I'd use a handsaw if you don't have or can't borrow a band saw. The probability of getting a straight cut with a jigsaw on a 1.5 thick board is pretty remote. I'd call what you are trying to do a bridle joint. Not precisely, but close enough to get the point across.


----------



## Buckethead (Apr 14, 2013)

Just go right for the chisels. This also helps up the points on your man card.


----------



## Dark_Lightning (Nov 20, 2009)

I have one of these that makes short work of these kind of joints, and it's really quiet. It'll make your cuts in short order and is easy to control. Though you may want to use a glove on the off hand, in case of a skip. This baby is sharp. The rest is chisel work.
http://www.rockler.com/takuma-240mm-ryoba-saw


----------



## mzimmers (Sep 6, 2007)

Thanks for the suggestions, guys. I kind of figured there'd be some chiseling in this project, but I was hoping for a miracle answer.

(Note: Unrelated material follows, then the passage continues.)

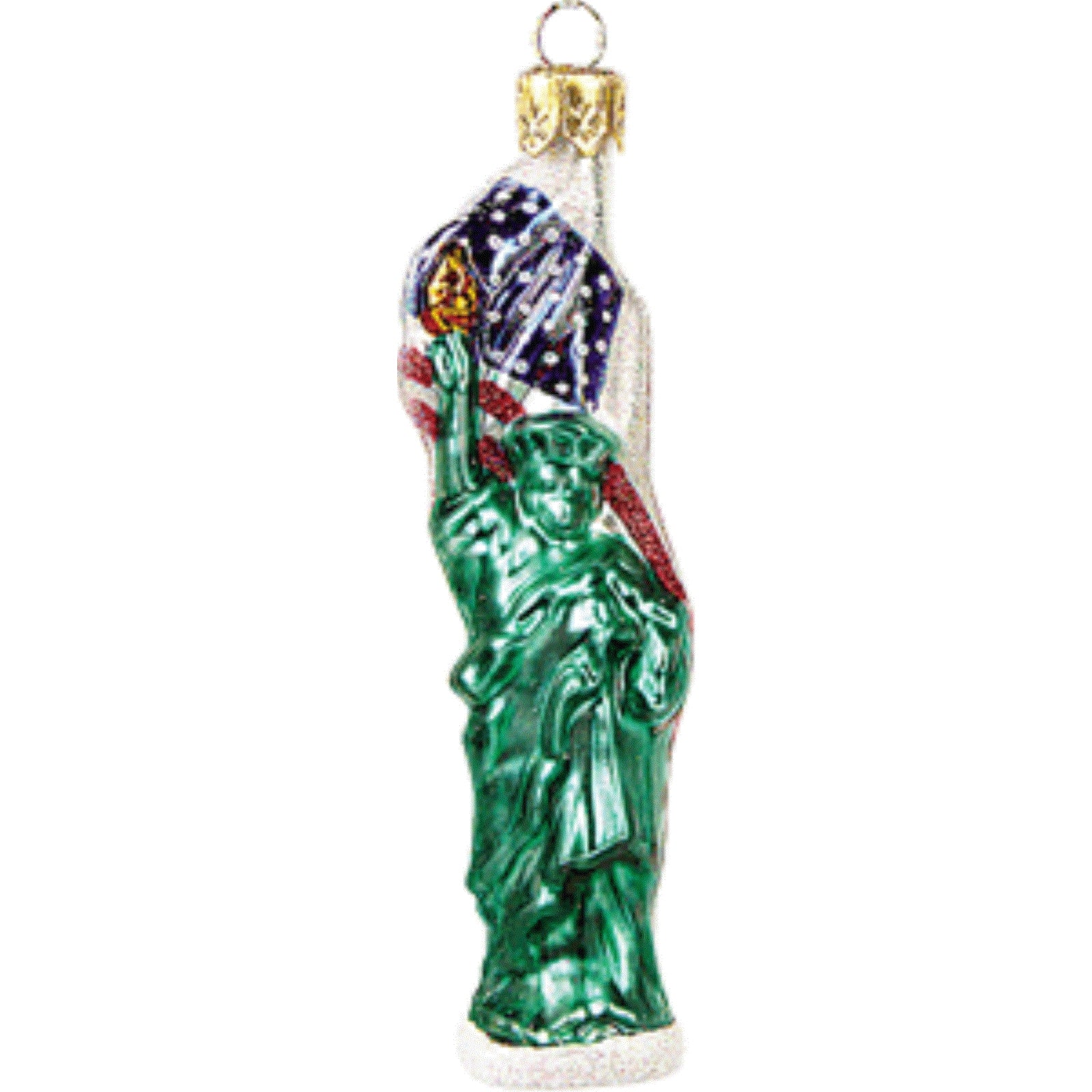 Miniature Statue of Liberty USA Ornament. Made in Poland. Imported by Pinnacle Peak Trading Company. Mouth blown and hand painted. Made from glass. Approximately 3 inches tall, .7 inches wide, and .7 inches deep. Comes packaged in a gift box.

Of course, I could buy a bandsaw, but it's Sunday and I'm not sure what Lowe's has to offer (they're the only game in town).


----------



## Buckethead (Apr 14, 2013)

Embrace the chisels. "Use the Force, zimmers."


----------



## mzimmers (Sep 6, 2007)

Hahaha…my chisel "set" is pretty embarrassing; maybe that's what I should invest in.

How does PTF react to being chiseled, anyway?


----------



## Buckethead (Apr 14, 2013)

I'm not sure what PTF is. Is that pressure treated fir?
Just use the circular saw to cut out as much material as possible, then finish with the chisels. It will take less time than driving to lowes.


----------



## Buckethead (Apr 14, 2013)

But having a sharp chisel would make a far easier job of it. High dollar chisels are not required.

Oh… And if it's wood, it'll chisel. Some woods are harder than others, but it sounds like you actually have a fairly easy task.

If you have an old abused chisel that is dull, and a grinder, you could make do for sharpening there. But just go slow as to not overheat the steel. Don't turn it blue.


----------